• [WHAT YOU WILL DO] Please print the full listing below exactly, but not the pictures in it.

• [COLLECTED DATA]
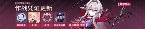 本期战备物资新增享乐狂宴·邀影角色卡/晋升印章及其推荐装备,舰长可使用恒质纯晶进行兑换,兑换时间持续至8.6版本结束前。
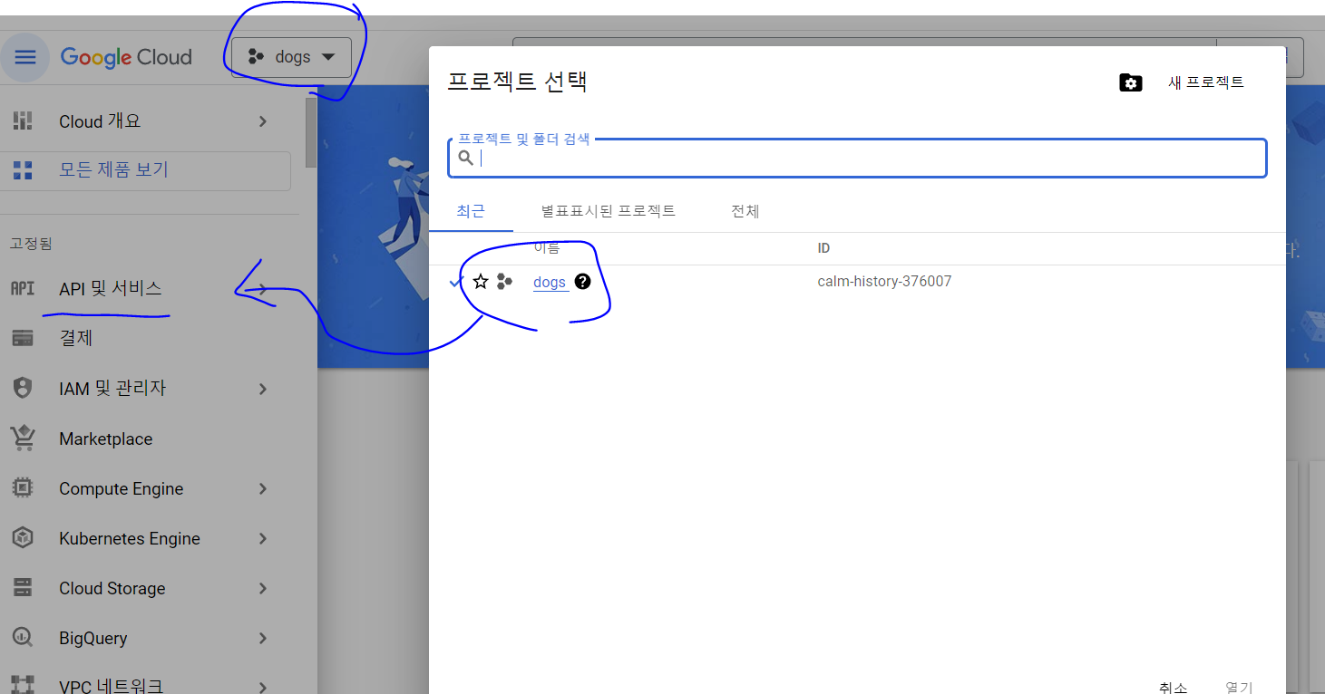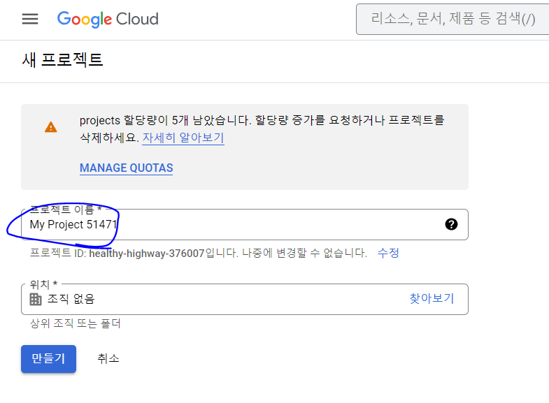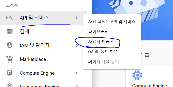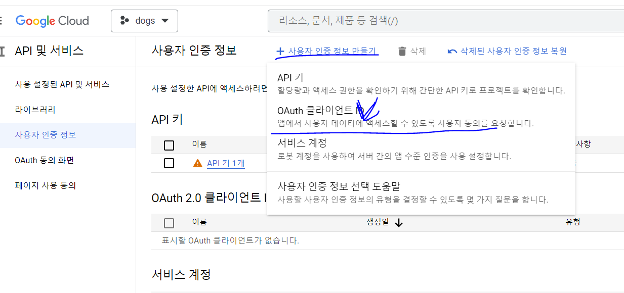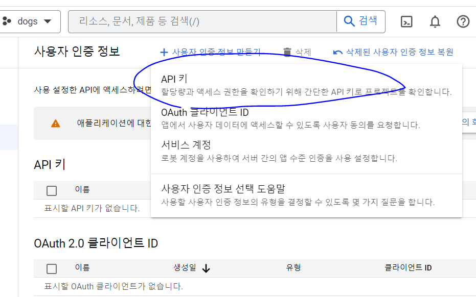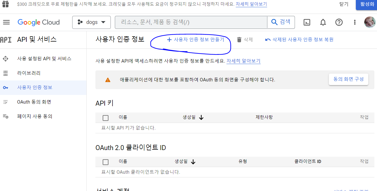 구글 디벨로퍼 API 서비스에 들어가서, 프로젝트를 만든다.
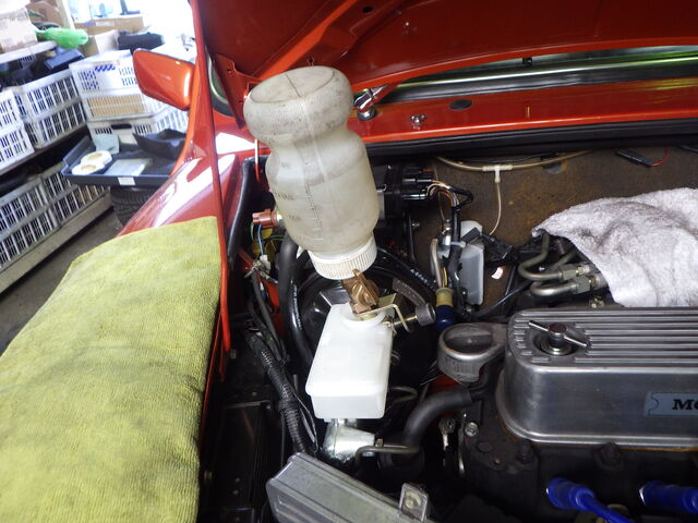 交換が完了したのでブレーキラインのエアー抜きをしておきます。

• [REPLY]
 本期战备物资新增享乐狂宴·邀影角色卡/晋升印章及其推荐装备,舰长可使用恒质纯晶进行兑换,兑换时间持续至8.6版本结束前。
 구글 디벨로퍼 API 서비스에 들어가서, 프로젝트를 만든다.
 交換が完了したのでブレーキラインのエアー抜きをしておきます。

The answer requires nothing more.